AIM OF THE TASK: Everything from the line with "车尾明显能看到使用双边单出的" to the line with "近日,共青团陕西省委、中共陕" in the listing below, both lines included, needs to be copied exactly, apart from the pictures.

INFORMATION:

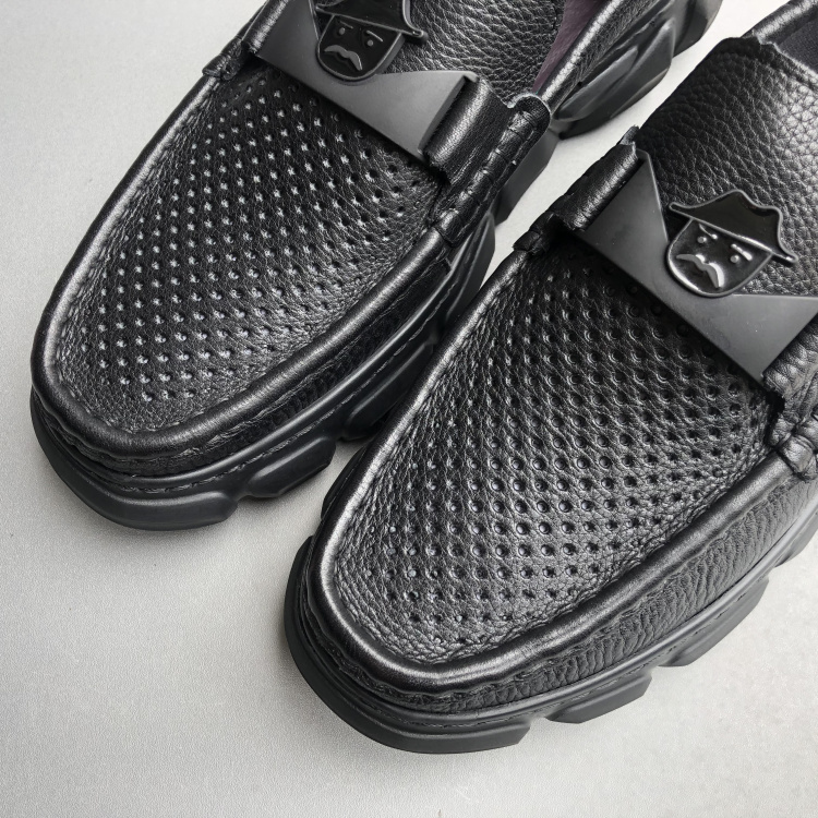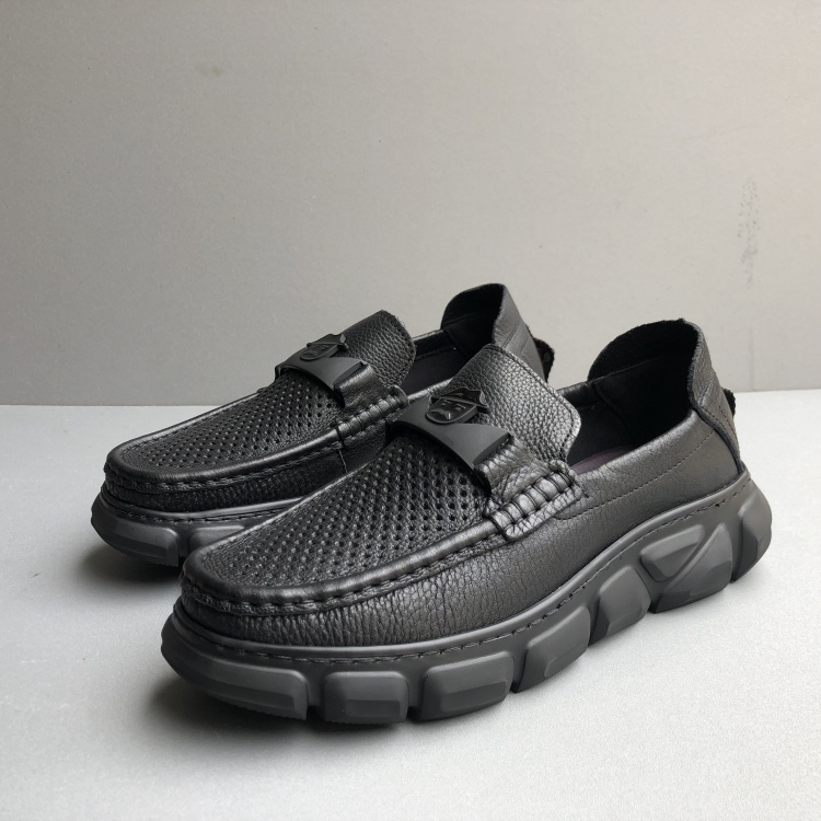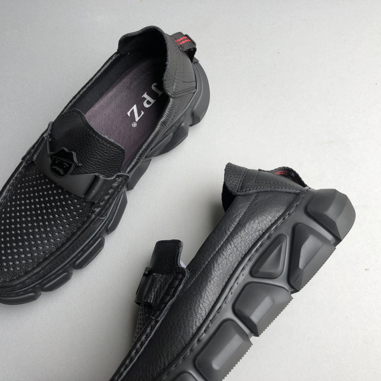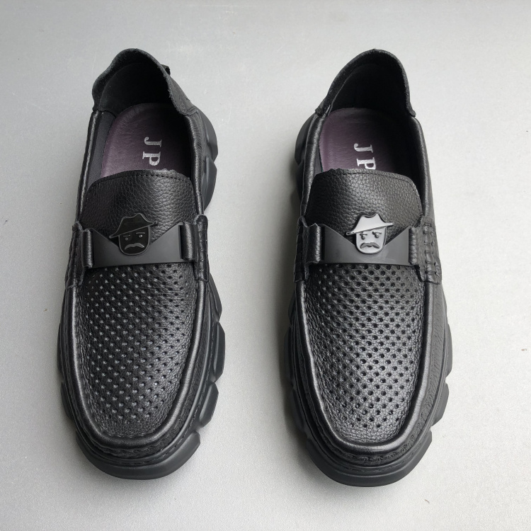 工廠直銷品牌撤櫃網眼豆豆鞋厚底百搭軟底舒適透氣牛皮懶人鞋男鞋
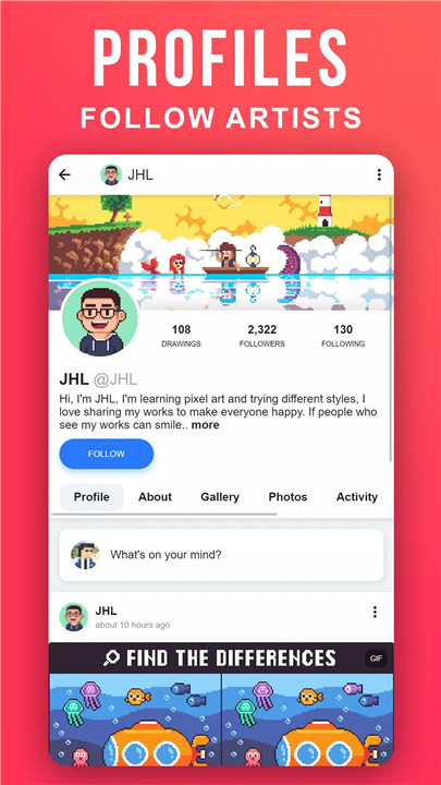 Engage with other users by receiving notifications for likes, comments, mentions, and new followers. Follow your favorite artists to stay updated with their latest works and activities through personalized feeds.
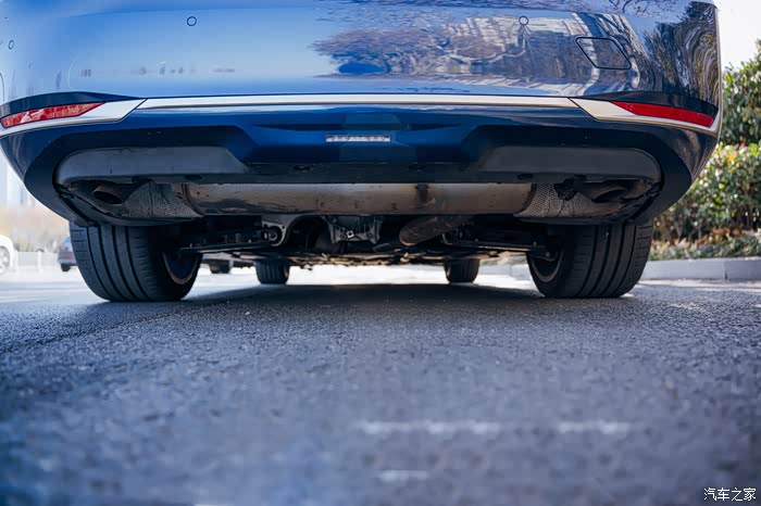 车尾明显能看到使用双边单出的排气装饰,尾部造型看起来简洁大气,也有不少层次感。尾灯形状扁扁的,车牌那设计得也挺有心思,凹进去一点,让车尾看起来更有立体感。车尾下面还加了一条贯穿的镀铬条,两边还有雾灯。
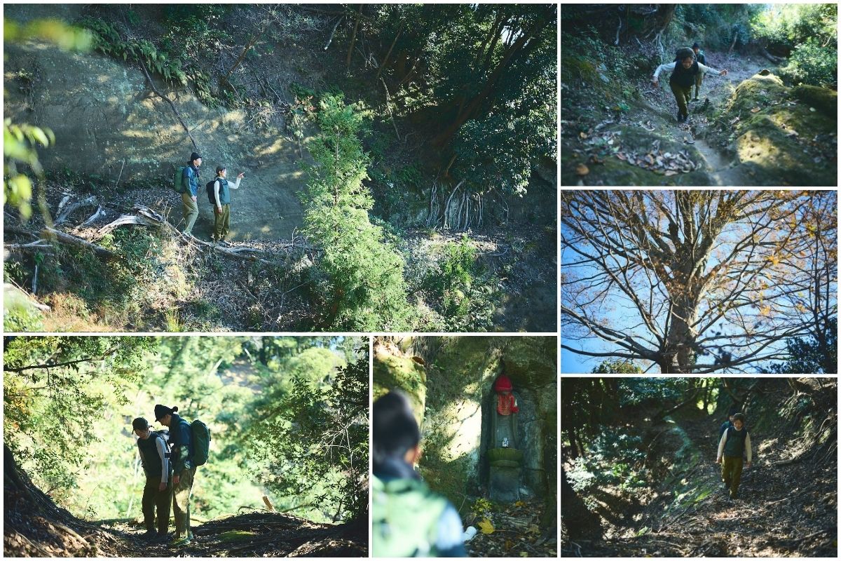 そこからは、ほとんど踏み跡のない森のなかを、四苦八苦しながら本村集落へと下っていく。道中には、歌川広重が「不二三十六景」で描いた鹿野山鳥居崎という名勝地もある。しかし、江戸時代を代表する浮世絵師の心を打った景色は、いま笹薮に覆われてしまって見ることはできなくなっていた。
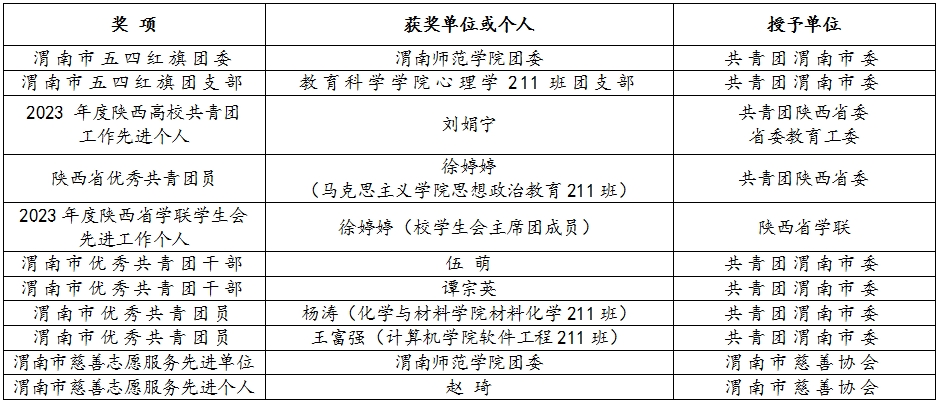 近日,共青团陕西省委、中共陕西省委教育工委、共青团渭南市委先后印发文件,表彰先进单位和个人,bat365官网共青团系统获得多项荣誉。
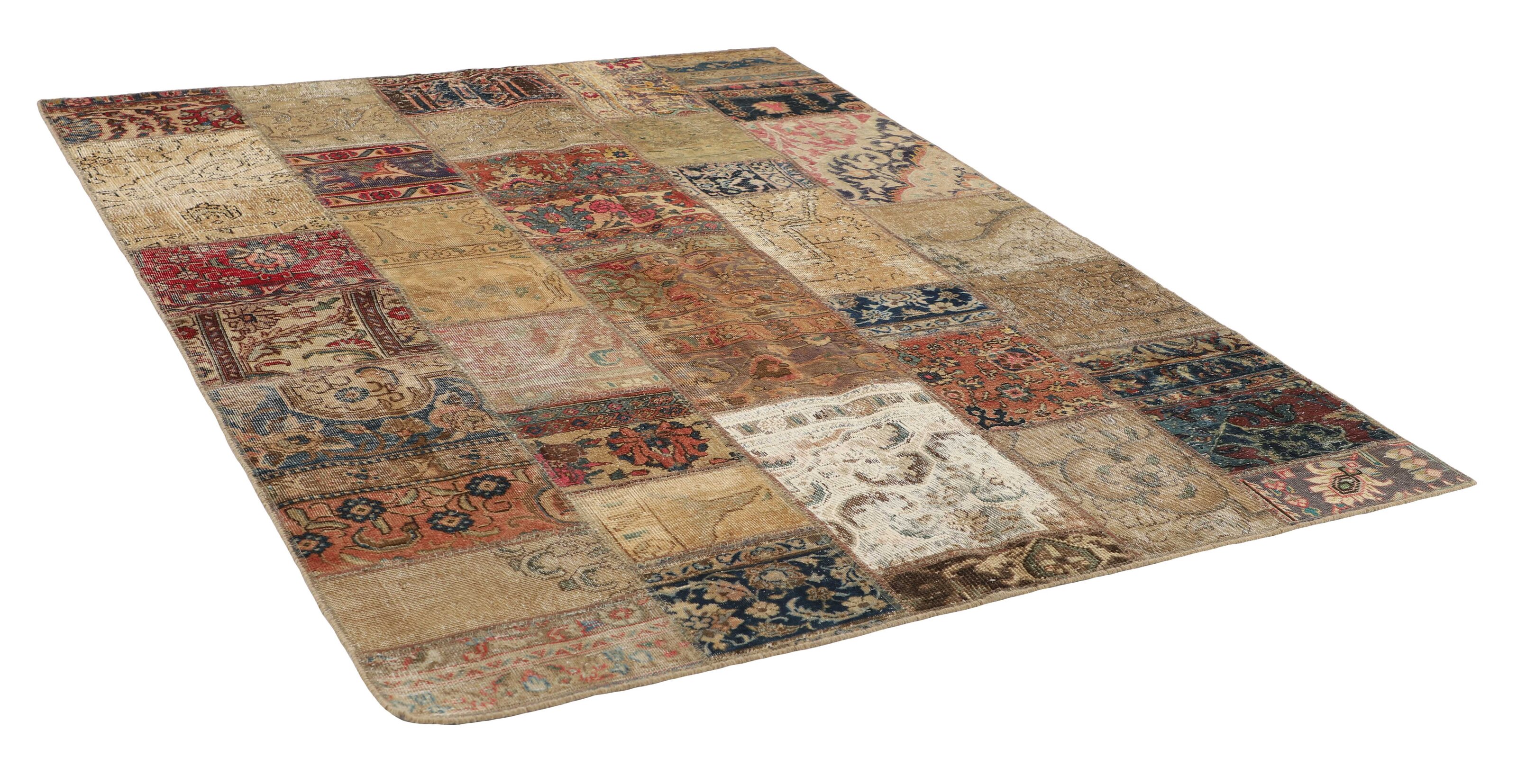 Vintage PatchworkItem no.: 1521965 Size: 175 cm x 248 cmVintage Royals are antique hand knotted rugs of Persian origin. The Patchwork Collection consists of old rugs that have been beyond repair, and instead cut into smaller pieces and used for patchwork. The Patchwork pieces are stonewashed and recoloured in light, dark, or bright colours, with the old pattern just being visible. The Patchwork rug forms a whole new and unique design. The rugs are of a very high quality and are available in large sizes. With the Vintage Royal Patchwork Collection, you do not just get a rug; you adorn your home with a unique piece of antique, Persian handcraft.
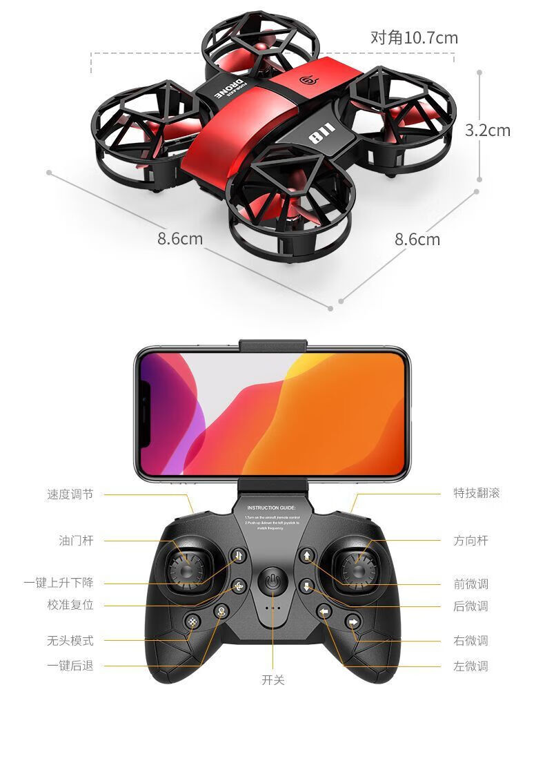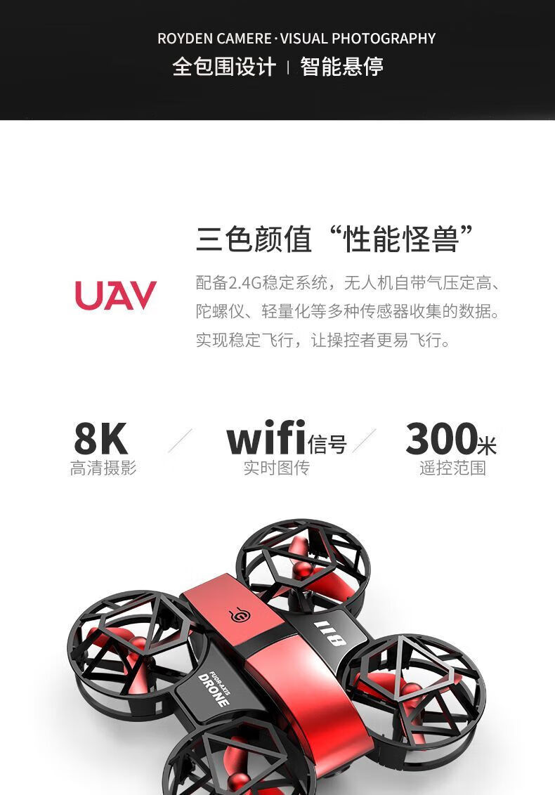 Complete set of Wenzhi flying machine, mini UAV flying machine for primary school students, aerial photography, small remote control aircraft, aerial photography, quadcopter flight, no aerial photography, basic flying, red, storage bag, 1 battery, free remote control battery + warranty + accessories +

SOLVED EXERCISE:
 车尾明显能看到使用双边单出的排气装饰,尾部造型看起来简洁大气,也有不少层次感。尾灯形状扁扁的,车牌那设计得也挺有心思,凹进去一点,让车尾看起来更有立体感。车尾下面还加了一条贯穿的镀铬条,两边还有雾灯。
 そこからは、ほとんど踏み跡のない森のなかを、四苦八苦しながら本村集落へと下っていく。道中には、歌川広重が「不二三十六景」で描いた鹿野山鳥居崎という名勝地もある。しかし、江戸時代を代表する浮世絵師の心を打った景色は、いま笹薮に覆われてしまって見ることはできなくなっていた。
 近日,共青团陕西省委、中共陕西省委教育工委、共青团渭南市委先后印发文件,表彰先进单位和个人,bat365官网共青团系统获得多项荣誉。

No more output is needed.